LIAT’s failure to perform despite receiving over US$160 million in new assets over the past seven years, suggests to me that there is no hope for it in its present configuration, as Antiguan political exigencies control every corporate action or inaction.

In 2007, after years of being propped up by shareholder-backed loans, LIAT found itself in a fight for its life with Allen Stanford’s Caribbean Star airline. In a panic, its shareholders borrowed a US$60 million loan from the Caribbean Development Bank (CDB) – just over half of it now being repaid by Barbados – to buy out the Stanford airline’s assets. LIAT’s then CEO Mark Darby, said bringing Caribbean Star and LIAT together “will allow us to become more efficient”. I wonder how that worked out.

Part of the answer came from the airline’s next CEO Ian Brunton, who said in January 2013 that LIAT had lost a total of over EC$60 million for the two years 2010-2011. It had indeed made nearly EC$9 million in profit in 2009, but resumed its losses in 2010 due to “high fuel costs and lower passenger traffic”. If a profit had been made since then, I am sure we would have heard.

Fall off in inter-island travel

With no competition, LIAT put fares above what most people could afford and caused a significant fall off in inter-island travel, with the add-on negative effects on tourism. But the excuse given for failing to justify that US$60 million cost was that the planes were just too old. So the ever-compliant CDB coughed up another US$65 million in 2013 as part of the US$100 million cost of a dozen ATR aircraft from France.

Of this amount, Barbados is responsible for another US$33 million, which has to be repaid starting this year, plus our portion of the remaining US$40 million of the total purchase price. So we put up perhaps US$50 million or so for those new planes.

In February, the shareholders were being asked for more money, this time for working capital, and it was revealed that the Dash-8s were not selling, costing the airline US$11 million per year in leases. But this time there was a plan in fact, two plans. Plan A was the one we heard about in February and Plan B is the one we’re hearing about now. Under Plan A, about 180 LIAT employees would be made redundant, almost all of them from LIAT’s Antigua headquarters. Plus, four of the new ATRs would be relocated to a new hub in Barbados, leaving only two in Antigua and two in Trinidad.

According to the Antillean Media Group, chairman of the LIAT shareholders, St Vincent and the Grenadines Prime Minister, Dr Ralph Gonsalves, couched moving the four ATRs to Barbados im diplomatic tones:

“We have to be careful that we don’t play one country against the other to say your base is shifting from here or there, [but] the place where most people pass through in the LIAT network is Barbados; that is the reality.”

Ah, reality, like sunshine, begins to filter in. All the new prime minister of Antigua and Barbuda could do was write a letter pleading for a stay of execution under Plan A. Plan B has now come to light.

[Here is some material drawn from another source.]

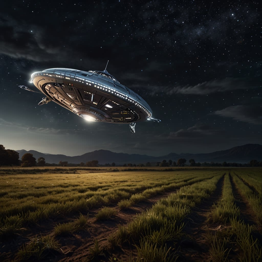 A few miles outside of town, in a secluded field, a shimmering, silver spacecraft descended gently to the ground. The craft was sleek and otherworldly, with an iridescent surface that reflected the moonlight. As it landed, a soft hum filled the air, and a hatch slowly opened. Out stepped an alien being, tall and slender, with luminescent skin that seemed to glow from within. Its eyes were large and expressive, filled with curiosity and wisdom.
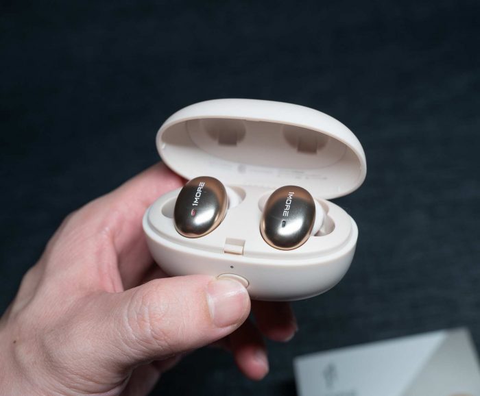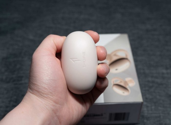 充电盒顶部印有1 MORE品牌logo,颜色与充电盒身颜色一致,底部印有品牌公司名称。其余部分没有印制任何的产品信息,整体外观干净、简约。

So, if this secret plan does exist, and is dated February 9, that means it was probably written around the same time as Plan A.

If Barbados, after the new hub here is established, were to make such a proposal to LIAT’s board, it could presumably get approval. That would allow it to set up its own regional airline free of the encumbrances of the other shareholders, who could continue to operate a smaller airline, perhaps servicing the northern part of LIAT’s current geographic area.

Now, if only we could find an administration capable of giving LIAT’s “Newco” (as it has been dubbed in the proposal) a shot at soaring to new and profitable heights.